1 (1-pound) pork tenderloin, trimmed
2 Tbsp. stone-ground mustard
2 Tbsp. olive oil
1/2 cup finely chopped onion
1 garlic clove, finely chopped
1/2 jalapeno, seeded and finely chopped*
1 Tbsp. brown sugar
1/2 teaspoon peeled, grated fresh ginger
3 Florida Tangerines, peeled, sectioned and chopped
1 Granny Smith apple, peeled, cored and chopped
3 Tbsp. cider vinegar
1 teaspoon finely chopped fresh sage
- Preheat grill to medium-high (375 to 400 degrees)
- Coat pork with mustard, and season with salt and pepper to taste. Place pork on grill
- Grill 15 to 25 minutes or until an instant-read thermometer registers 155 degrees. Remove from grill and let stand.
- Meanwhile, for the Tangerine-Apple Chutney, in a large saute pan heat oil over medium heat.
- Add onion; cook and stir 5 minutes.
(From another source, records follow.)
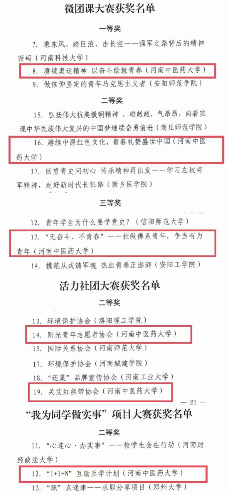 本次大赛在持续巩固和深化“全团抓思想政治引领”“全团大抓基层”“全团抓学校”的改革方向和建设成果,进一步提升全省高校共青团引领力、组织力、服务力,推动我省高校团学组织建设和改革向纵深发展的背景下举办。自大赛启动以来,leyu·乐鱼(中国)体育官方网站团委积极响应,精心策划,动员各级团组织、团干部广泛参与。经过校内选拔、省级复赛和决赛等环节,获得多项荣誉。在微团课大赛中,尚真书院侯相俊老师主持的《赓续奥运精神 以奋斗绘就青春》荣获一等奖,骨伤学院孙晓涵老师主持的《赓续中原红色文化 青春礼赞盛世中国》荣获二等奖,中医学院(仲景书院)武雪凡老师主持的《“无奋斗、不青春”--拒做佛系青年,争当有为青年》荣获三等奖;在活力社团大赛中,第一临床医学院的“关艾”红丝带协会和针灸推拿学院的“阳光”青年志愿者荣获二等奖;在“我为同学做实事”项目大赛中,骨伤学院“‘1+1+N’互助互学计划”项目荣获二等奖。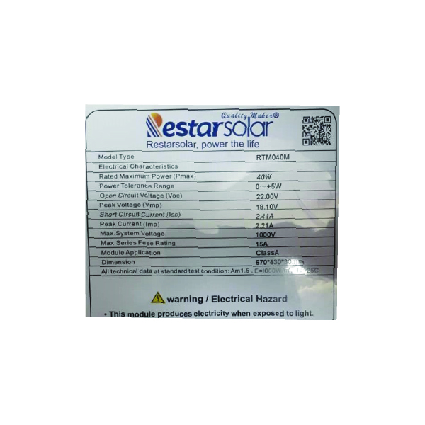 پنل خورشیدی RT040P یکی از پنل های خورشیدی پلی کریستال شرکت Restar است. دارای راندمان بالا مناسب سیستمهای برق خورشیدی، پکیج های برق خورشیدی سیار، چراغهای خورشیدی و …. دارای جعبه اتصال با ولتاژ تحمل و درجه حفاظت بالا، تحمل دمایی بالا منطبق با استانداردهای بینالمللی…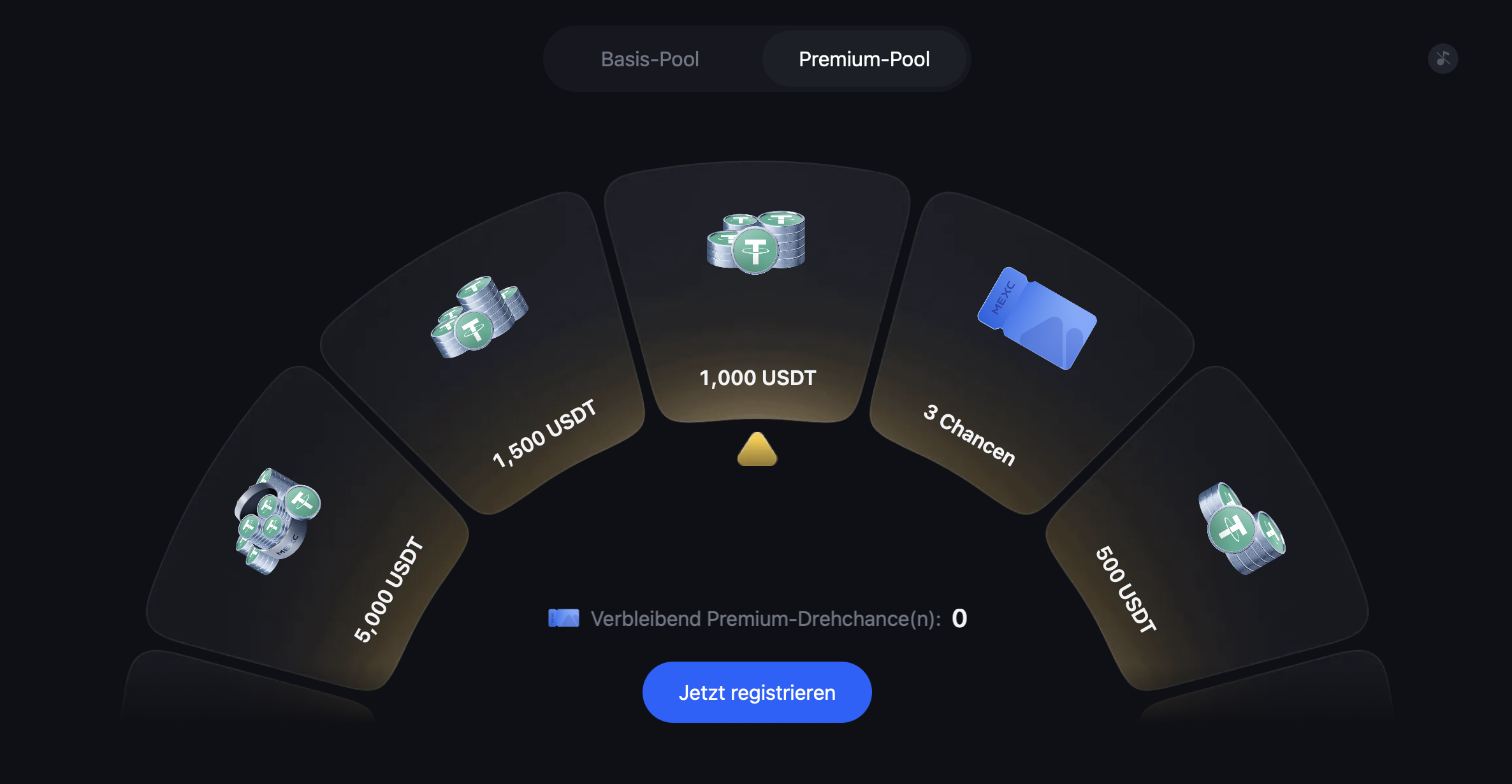 Über tägliche Aufgaben können nicht nur weitere Drehversuche mit Belohnungen aus dem “Basis-Pool” freigeschalten werden, sondern später auch der sogenannte “Premium-Pool”. Hier wartet die Chance auf vierstellige Gewinne mit bis zu 5000 USDT pro Drehung. Unverbrauchte Drehversuche verfallen am Ende der Aktion. Wichtig: Eine abgeschlossene KYC-Verifizierung ist Pflicht. Ausnahme: Für europäische Neukunden gilt beim ersten Kauf via Kredit- oder Debitkarte ein erleichtertes Onboarding – Einzahlungen bis zu 150 Euro sind ohne KYC möglich, um den Einstieg zu erleichtern. Die Gewinne werden innerhalb von sieben Werktagen auf die Wallet gesendet.

Add garlic, jalapeno, brown sugar and ginger; cook and stir 5 minutes more.
- Add Tangerines, apple, vinegar and sage; simmer 15 to 20 minutes or until apple is softened.
- Season with salt and pepper to taste. Thinly slice the pork and serve with Tangerine-Apple Chutney.
* Use caution when handling hot peppers. Wear disposable gloves or wash hands in hot, soapy water afterward.